## GIVEN DATA
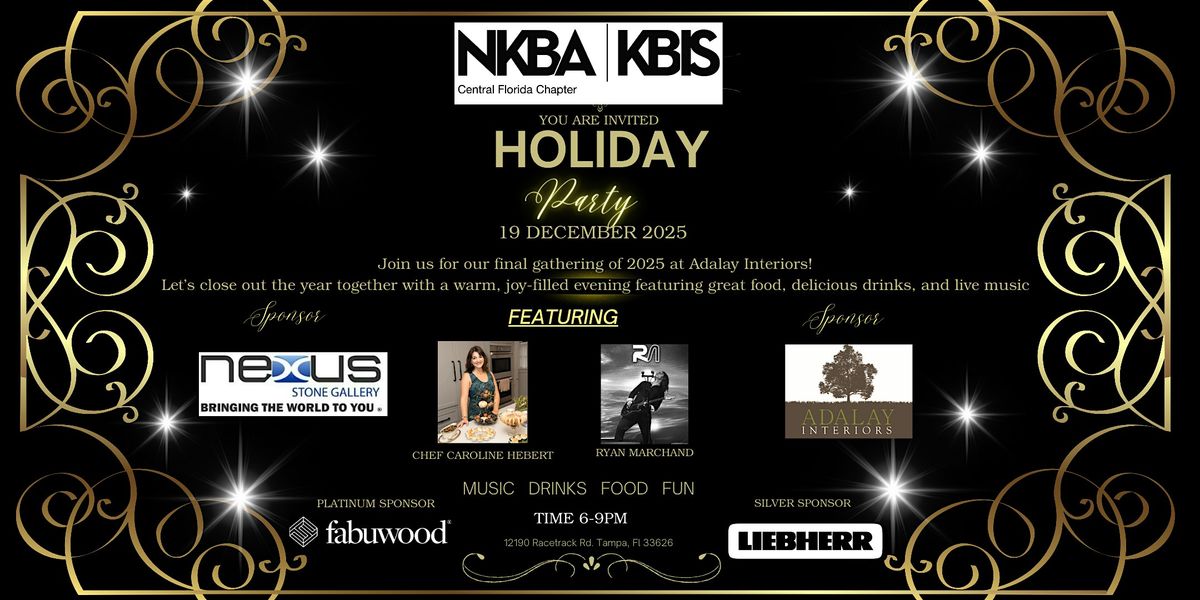 As we reflect on this year, we are truly thankful for the inspiring meetings, meaningful conversations, and incredible networking shared with our NKBA Central Florida members. Your energy, creativity, and commitment have made 2025 a remarkable year for our chapter. We warmly invite you to join us for our final gathering of the year—an unforgettable evening filled with fun, live music provided by Ryan Marchand, and a beautifully crafted dinner by Chef Caroline Hebert. We look forward to celebrating this wonderful community together one more time before the year comes to a close.
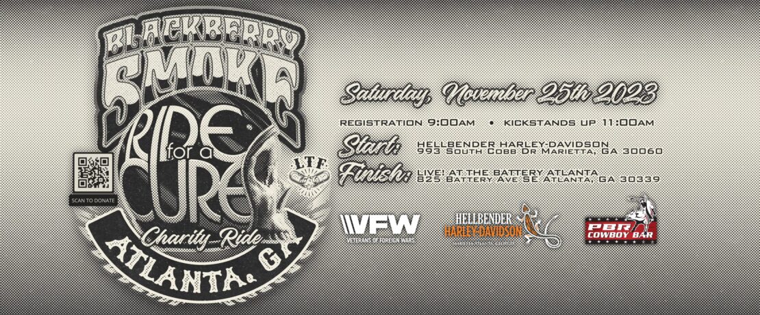 We are happy to announce that Blackberry Smoke, The Lana Turner Foundation, The VFW, and Hellbender Harley-Davidson will also be hosting the 2023 Blackberry Smoke Ride for a CURE on Saturday November 25!
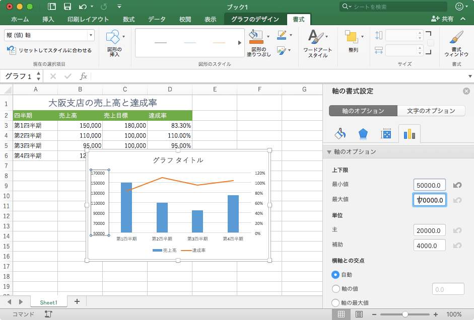グラフの数値軸の最大値や最小値などを変更するには
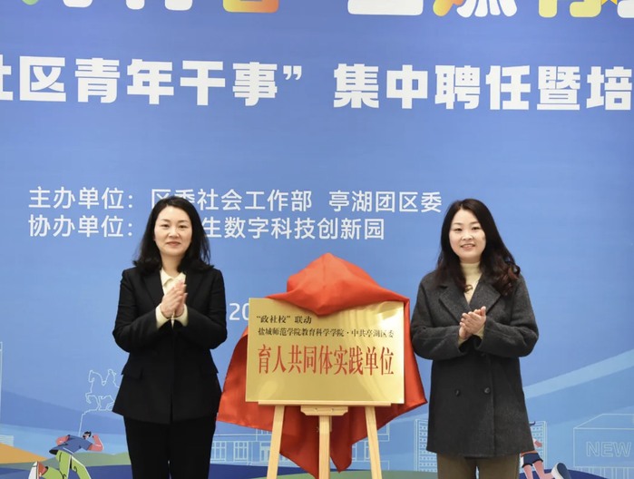 永利23411集团教育科学公司党委书记、江苏父母大学讲师杨日晨,区委常委、组织部部长、统战部部长张云云共同为“政社校联动·育人共同体实践单位”揭牌。

## WHAT THE EXERCISE ASKS
In the data above, find the line with "We are happy" and repeat it and every line after it through the end, exactly; leave the pictures out.

## SOLUTION BELOW
 We are happy to announce that Blackberry Smoke, The Lana Turner Foundation, The VFW, and Hellbender Harley-Davidson will also be hosting the 2023 Blackberry Smoke Ride for a CURE on Saturday November 25!
グラフの数値軸の最大値や最小値などを変更するには
 永利23411集团教育科学公司党委书记、江苏父母大学讲师杨日晨,区委常委、组织部部长、统战部部长张云云共同为“政社校联动·育人共同体实践单位”揭牌。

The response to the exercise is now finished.